Imagine this: you are an AI engineer at a purely fictitious company named "Hecks", and you have been put in charge of improving the company's "natural language question answering" product. This product is a compound AI system built on top of a large language model with access to some tools.
Your users have provided you with a database (hecks.duckdb, see the zip file), and your agent should use it to answer their questions!
Additionally, they have provided you with a collection of markdown files that capture some important business rules for their company.
For the sake of simplicity, your agent will ultimately answer user questions with a SQL query - this query is submitted via the "submit_answer" tool.
In order to compare you against some other vendors providing similar services, the customer has given you a pair of evaluation datasets (evaluation/data/evals_easy.json and evaluation/data/evals_hard.json, respectively).
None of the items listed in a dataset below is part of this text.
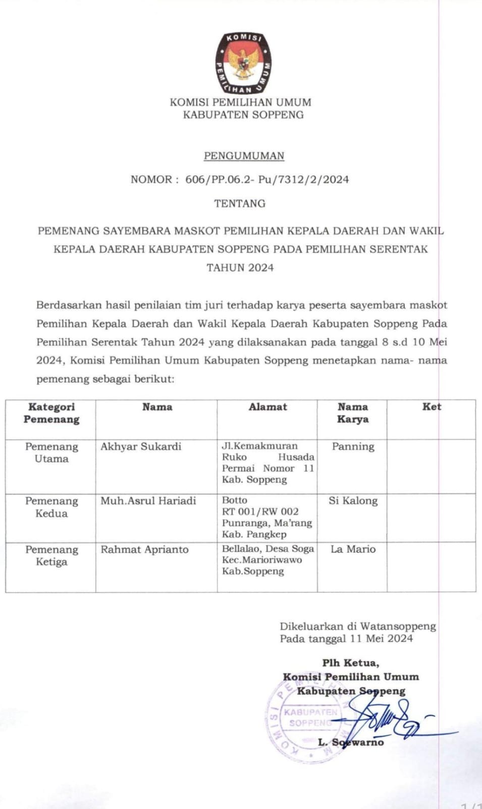 Berdasarkan hasil penilaian tim juri terhadap karya peserta sayembara maskot Pemilihan Kepala Daerah dan Wakil Kepala Daerah Kabupaten Soppeng pada Pemilihan Serentak Tahun 2024 yang dilaksanakan pada tanggal 08 s.d 10 Mei 2024, maka Komisi Pemioihan Umum Kabupaten Soppeng menetapkan nama- nama pemenang mulai Pemenang Utama, Pemenang Kedua dan Pemenang Ketiga.
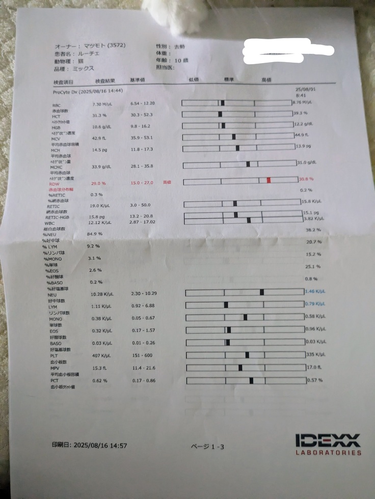 血液検査結果は赤血球が跳ね上がっていますが、(赤字部分)
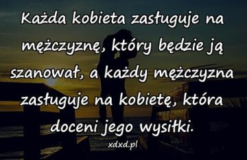 Każda kobieta zasługuje na mężczyznę, który będzie ją szanował, a każdy mężczyzna zasługuje na kobietę, która doceni jego wysiłki.
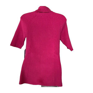 Diane Gilman DG2 Turtleneck Sweater Womens L Pink Half Sleeve Knit Ribbed New
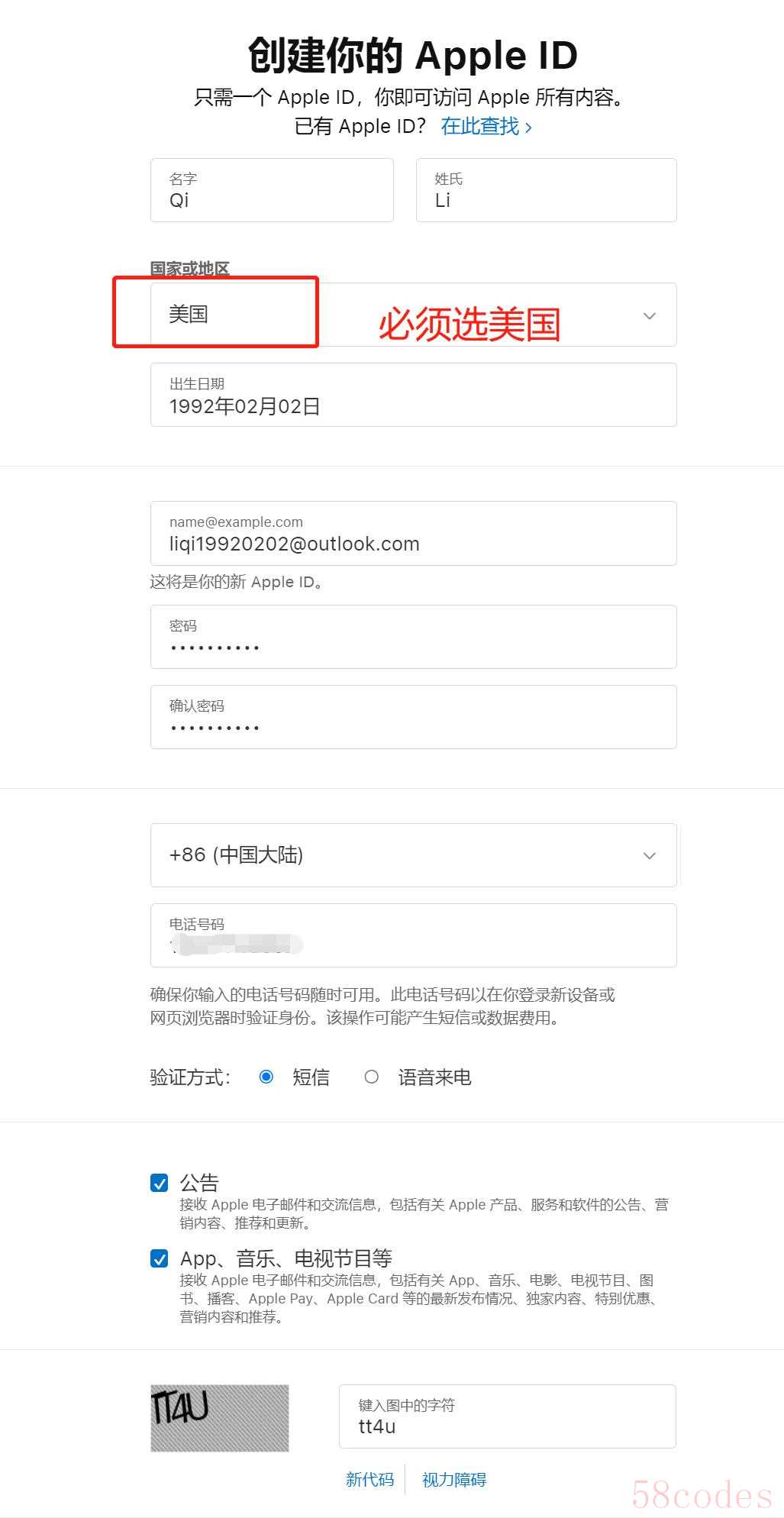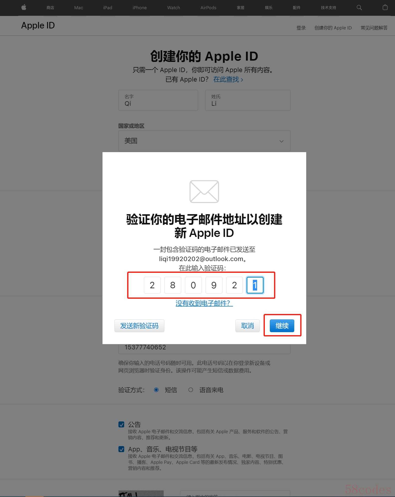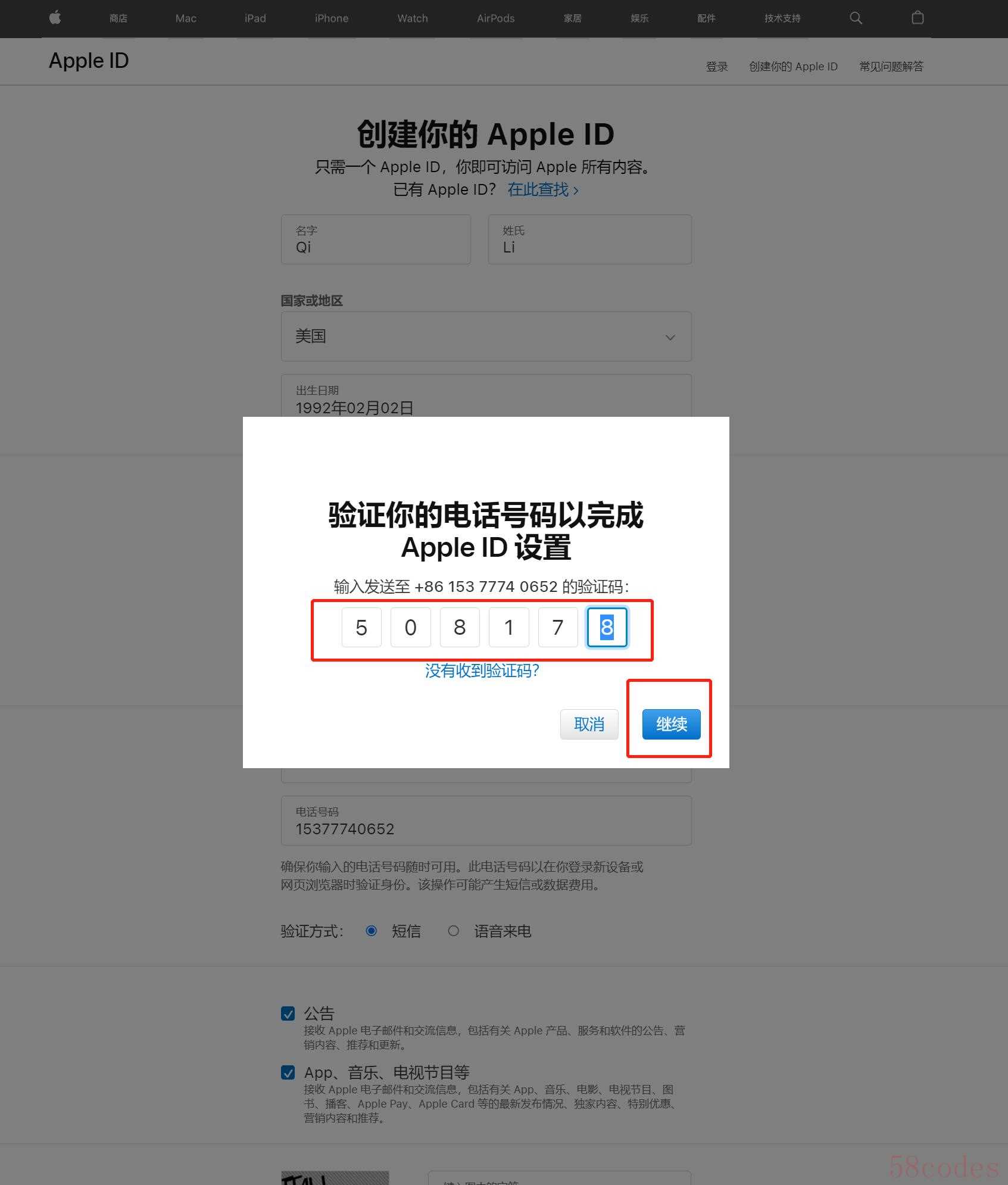 第二步:填写信息,国家必须选“美国”,出生日期必须选一个大于18周岁的日期,号码用国内的就行,输入验证码,点击“继续”

These datasets are a collection of pairs of the form:
- natural language question
- query whose result defines the expected dataframe
For example, a simple evaluation pair might be:
prompt: "How many users are there at our company?"
query: "SELECT COUNT(*) FROM our_company.users"The easy set does not require information from the rules files, but the hard set does.
To determine how well your agent performs, the queries in the eval will be executed, and the resulting dataframes will be compared against the dataframe that your agent's SQL queries returned.
This comparison is "loose" - in your agent's output dataframe,
- column order is ignored (if your agent returns a different order of columns, it's still correct)
- column names are ignored (if your agent returns a different name for a column with the right values, it's still correct)
- extra columns on the returned dataframe are not penalized (if your agent returns extra columns, it's still correct)
Your goal is to build tools and structures for an agent that can reproduce the appropriate answers to as many of the given HARD questions as possible!
Be careful not to overfit, though! They have a held-out test set that will be used to evaluate your agent's performance.
- You're strongly encouraged to take no more than four hours here. More than six hours is out-of-scope.
- You have seven days to complete the take-home; please find time to work on it that's compatible with your schedule.
- Feel free to fragment the time over several days if that's preferable for you.
- Please present your work in a format that communicates what you've done
clearly. We'd love to see two components:
- Some sort of prose writeup (PDF, document, etc) including communication around choices / tradeoffs you made during the course of the exercise, and your ultimate conclusions and guidance.
- A forked version of this repo w/ your code changes.
- Once complete, please email a link to your fork of this repository to your recruiter.
The duckdb database file is included in this repository via Git LFS as hecks.duckdb.zip.
After cloning the repository, you'll need to unzip it:
unzip hecks.duckdb.zipThis will extract hecks.duckdb (~635 MB) to the root directory of the repository.
Additionally, you'll need an OpenRouter API Key. Your recruiter will provision you with a key to use for the week.
Install the dependencies with uv:
uv syncOnce you have the duckdb file and the OpenRouter API Key, you can run the following command to start the agent:
uv run interactive --api-key YOUR_API_KEYThis will start the agent in a REPL-like environment. You can enter natural language questions, and the agent will respond. You can exit the REPL-like environment by typing "quit". You can start a new conversation by typing "reset".
To evaluate your agent, you can run the following command:
uv run evaluate --api-key YOUR_API_KEY --concurrency 16This will run the agent against the evaluation dataset and report the results.
Your goal is to make whatever changes necessary (outside of outright reward hacking the evaluation script) to get as many of the HARD questions correct as possible.
This might take a number of forms! Tweaking parameters, adding more tools, prompt engineering, context manipulation, training custom models (ok, probably not this one)...
Please let us know what you tried, and how far you got! The implementation we've got here is intentionally pretty bare-bones. You're free to use any resources you like, including AI assistants, to help you complete the assignment.
Once you have completed the assignment, please email a link to your repository to your recruiter.